Money talks as Piet Hein hits his sweet spot
Can van Dam put a figure on Clear’s potential? “Let’s do the numbers,” he says, citing the 60 million diabetes patients in Europe, 15 million in Brazil, and 35 million in the US. “So we’re already talking about 100 million people. Let’s say we take a one percent market share—which would be a real underestimation—and we would work with one million patients.” If each of these subscriber patients in turn spent €300 a year, that would give €300 million in revenues. Another serious underestimation, he says.

“It will be beyond one million patients,” he affirms. “This is why we started the company—because we wanted to help millions of patients. Now bear in mind that those figures are static. There are a thousand new diabetes patients in the Netherlands per week. We are focused on the onset. So, send them to me—to us—and we will make sure they never get hospitalized or medicalized in the first place.” This ambitious vision for Clear is the subject of a forthcoming TedTalk recorded by van Dam a few months ago.

It is precisely this drive—along with the meditation, yoga, and exercises he does religiously between 6am and 7am—that gets van Dam out of bed each morning. “I’m really at the center of what I want to do,” he says with eyes that are the opposite of blank. “I’m happy that I can do what I do for the benefit of others. Yes, I have to make sure the company grows and we turn a profit etcetera. These are the rules of the VC game, but they are not the outcome. So I’m very happy—I’m in my sweet spot at the moment.”

The “intensive meditation” before taking breakfast with his wife gives him the mental clarity to help cope with the quotidian pressures of managing a small team of 10 people. Being so tall and spending so much time at his desk requires vigorous sessions with an exercise ball and stretching bands—followed by a 45-minute cycle into the office on an e-Bike (for the three days per week when not working from home).
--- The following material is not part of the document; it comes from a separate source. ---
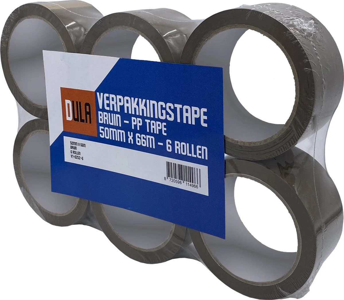 DULA bruine verpakkingstape voor het dicht tapen van al uw dozen groot of klein. De verpakkingstape is van uitstekende kwaliteit en hecht aan diverse ondergronden. De tape veroudert niet snel en kan hierdoor makkelijk een langere tijd opgeslagen worden. De populaire verpakkingstape is bruin en dus ideaal om dozen netjes mee te verpakken. Het is een stevig klevende polypropyleentape met acryl belijming. De DULA tape is een must voor ieder bedrijf, huis of evenement. De tape is 66 meter lang en 50mm breed.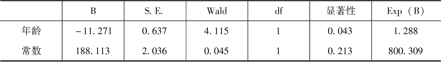 图片名称: 农民工年龄因素对农地流转影响因素模型估计结果

Sailing and hiking with his two sons (aged 24 and 21, both have flown the family nest) helps him decompress, and while he struggles to find any alcohol-free beers to his liking, he can at least tolerate non-alcoholic wines. (“It’s a social experiment,” he says. “Against a great glass of Sancerre, sure, it doesn’t taste so good. But it makes a nice change in my diet to water.”) In five years, he hopes Clear will have at least 10 people working in 10 different countries—“Easy,” he adds—and he already has his eyes on a stint in Portugal.

Having successfully negotiated the choppy waters of launching an award-winning healthcare app—not least the frantic eleventh-hour search for a new co-founder—van Dam is bullish about Clear’s place in a diabetes technology market thought to be worth $40 billion in the next decade. There has even been a reunion with Janssens, who recently returned as one of the company’s affiliated scientists and nutrition experts.

“The first three years of Clear were about proving the reasons for our existence,” van Dam says, taking stock. “We’re now clinically approved. We’re almost reimbursed. We help patients. We’re being prescribed. It will work. So it’s no longer about existence. Now it’s about which league we will play in. And I want the Champions League. Finding the right balance is difficult. I don’t know how to strike it yet. But, of course, I will succeed—I’m full of confidence.”